God. Elica The Bitch didn't want to think of people as being human because of her wealth-privilege and classism. Me, I'm judging people based on whether their hair is fantasy-colored and their faces are supermodel-pretty or just girl-next-door pretty. Fuck, this is devastating. I might not be a less shitty person than Elica Dandston of the Brunbling Dandstons. We both have different ways of making most of our fellow students into non-people.
"Lady Dandston," I said with a formality that we both recognized immediately. "If circumstances should transpire that you and I do continue to share this space as roommates, I must insist from the start that nobody but you or I should ever enter this room without one of us present. I should not have anyone walk in here unattended, and we must keep that door locked when we are out."
She laughed, actually. "Oh, do not worry! I know better than to allow the help into my chambers, especially with no steward or butler to keep a hand over them.
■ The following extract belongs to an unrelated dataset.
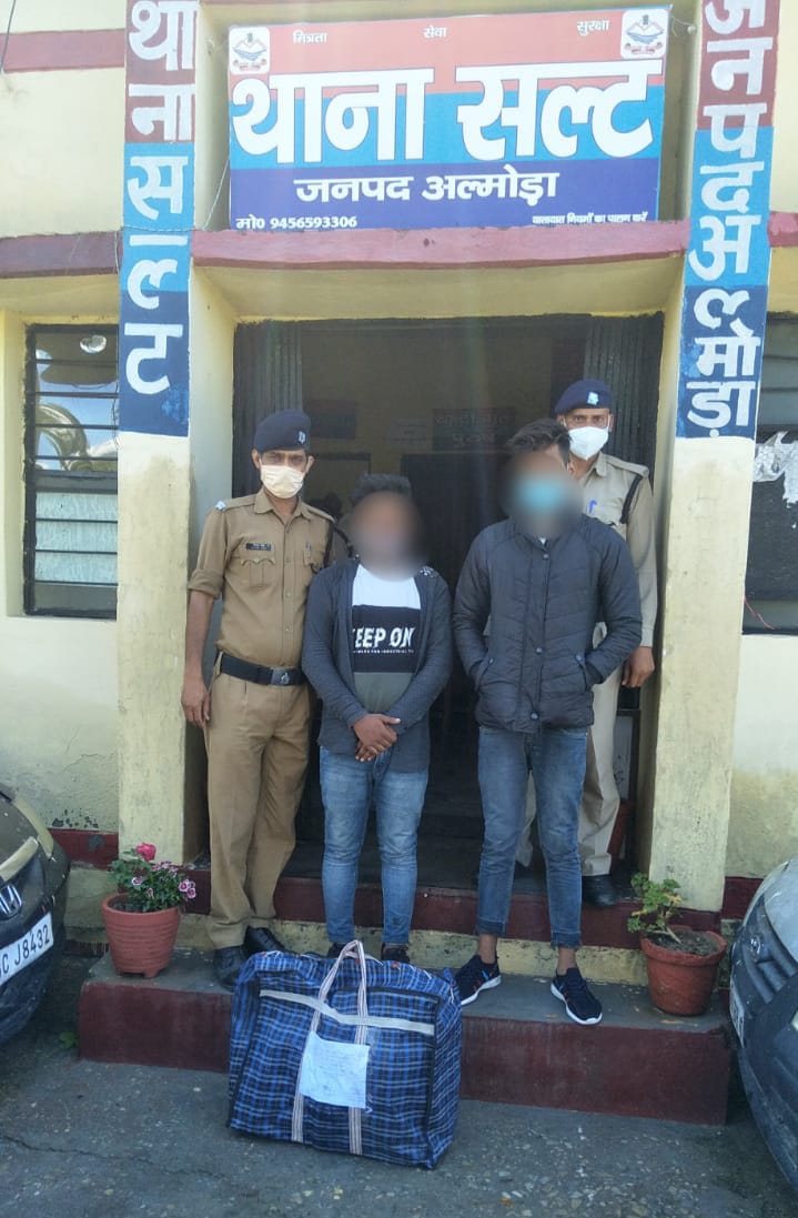 अल्मोड़ा-पंकज भट्ट वरिष्ठ पुलिस अधीक्षक अल्मोड़ा द्वारा सभी थाना चौकी प्रभारियों को अपने अपने क्षेत्र में अवैध रूप से गाँजा/चरस व अन्य नशीली पदार्थो की तस्करी कर रहे तस्करों पर कार्यवाही करने के निर्देश पर दिनांक 20.06.2021 को प्रभारी थानाध्यक्ष सल्ट गिरीश पंत,कानि० सुरेश चन्द्र,दीपक सिंह,कानि० मनमोहन सिंह एसओजी द्वारा नेल कमान तिराहा सल्ट के पास बिना नम्बर प्लेट यामाहा आर15 मोटर साईकिल से फहीम अहमद पुत्र फरियाद हुसैन निवासी चिलकिया रामनगर जिला नैनीताल उम्र 22 वर्ष तथा समीर पुत्र यामीन निवासी लखनपुर चुंगी रामनगर जिला नैनीताल उम्र 19 वर्ष के कब्जे से कुल 10.36 किलोग्राम अवैध गांजा कीमत ₹53600 परिवहन करते हुए पकड़े जाने पर थाना सल्ट में मु०अ0० सं० 10/21 धारा 8/20/60 एन०डी०पी०एस०एक्ट पंजीकृत कर वैधानिक कार्रवाई की गई।प्रभारी थानाध्यक्ष गिरीश पंत ने बताया कि अभियुक्त फहीम अहमद प्लम्बर का कार्य तथा समीर टैक्सी चालक है। उक्त अभियुक्तगण द्वारा रसिया महादेव से गांजा एकत्रित कर बेचने के लिए रामनगर ले जा रहे थे।

We are entirely of one mind about that, I assure you!" She glanced about, then added, "they steal," in a conspiratorial whisper.
I was actually more worried about assassination attempts against me, honestly. But if it helped Elica to sleep at night thinking that I was worried her hirelings would run off with my necklaces, then she could be allowed to believe that. She was freaked out by the fact that I took a scholarship test, what would happen to her poor fragile nerves if she found out that I might actually be a risk to her life, just by proximity?